I have the LANG var set to en_US. The messages the are failing are a variety of language types including "us-ascii". If it is a protocol failure what could be causing it. The SpamC and SpamD are running on the same machine.
> If it is a protocol failure what could be causing it I don't know. I tried forcing a timeout by setting a snall value for the spamc -t option, but that returned an error code 74, not 76 like you are seeing. The effect is close to what you are seeing, though. Spamc is getting an error while spamd thinks nothing is wrong. What are all the command line options you are using for spamd and spamc?

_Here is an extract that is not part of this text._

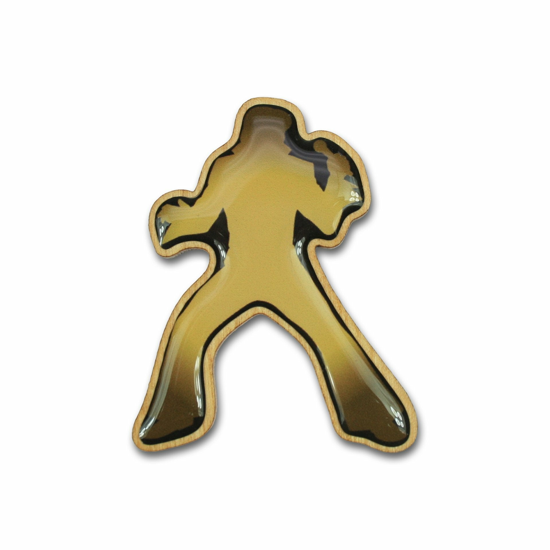 Brooch made of Marfim wood, Elvis yellow motif. The brooch has a pin on the back so that it can be easily attached to almost any piece of clothing.

SpamD command line: perl.exe spamd -D -s /var/log/spamd.log -r /var/log/spamd.pid SpamC: spamc -x < infile > outfile
I've reproduced this doing the following. Maybe someone can see if it happens outside of Cygwin. I did this with a build of the 3.0.1 branch. I haven't yet tried it in trunk. I ran spamd using the command line spamd -D -s /c/temp/zsaspderr.log -r /c/temp/spand.pid I ran spamc repeatedly using the example input from the last attached sample using the following script, with the output shown: $ myvar=0 ; while [ $myvar -ne 10 ] ; do spamc -x < zs2.out > zsa2.out ; echo $? ; myvar=$(( $myvar + 1 )) ; done 0 0 0 76 76 0 76 76 76 0
More results: I got the same sporadic return code 76 using svn trunk under Cygwin (perl 5.8.5), and also when I added a sleep n delay of 5, 10, and 20 seconds between successive calls to spamc. So it isn't a timing problem caused by sending rapid messages to spamd. I did not get any return code 76 when I repeated the test under Fedora Core 2, perl 5.8.3.
I get the same results if I use -L and disable auto_whitelist and Bayes in user_prefs. I'm having difficulty getting a network capture, so I still don't know what is going in with the protocol.

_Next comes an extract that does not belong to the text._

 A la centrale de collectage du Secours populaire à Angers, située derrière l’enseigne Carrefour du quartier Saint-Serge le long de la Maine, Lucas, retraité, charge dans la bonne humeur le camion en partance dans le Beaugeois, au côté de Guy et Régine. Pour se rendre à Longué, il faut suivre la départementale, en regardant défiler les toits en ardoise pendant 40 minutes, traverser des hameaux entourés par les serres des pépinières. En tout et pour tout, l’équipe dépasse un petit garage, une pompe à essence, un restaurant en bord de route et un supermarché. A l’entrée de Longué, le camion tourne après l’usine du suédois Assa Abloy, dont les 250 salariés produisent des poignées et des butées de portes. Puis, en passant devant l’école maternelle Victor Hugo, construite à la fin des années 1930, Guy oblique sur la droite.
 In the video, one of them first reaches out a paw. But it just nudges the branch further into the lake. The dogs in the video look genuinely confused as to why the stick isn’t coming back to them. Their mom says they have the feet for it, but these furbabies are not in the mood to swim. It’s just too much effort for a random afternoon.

I have some firewall problem trying tests between machines, but I did verify that going through a ssh tunnel between my Cygwin box and my Fedora core 2 box, running spamc in Cygwin and spamd in linux has no problem, running spamd in Cygwin and spamc in linux does show the problem, with the return code 76 happening every time. I substituted a large file made up of sample-nonspam.txt concatenated with itself many times and the same error happens. I reduced the size of the file. The smaller files never showed the return code 76, larger files did. At the borderline, a file with GTUBE (i.e., marked as spam) began showing the problem at a smaller size than a non-spam file.
hmm. possibility: a helper app is closing the fd?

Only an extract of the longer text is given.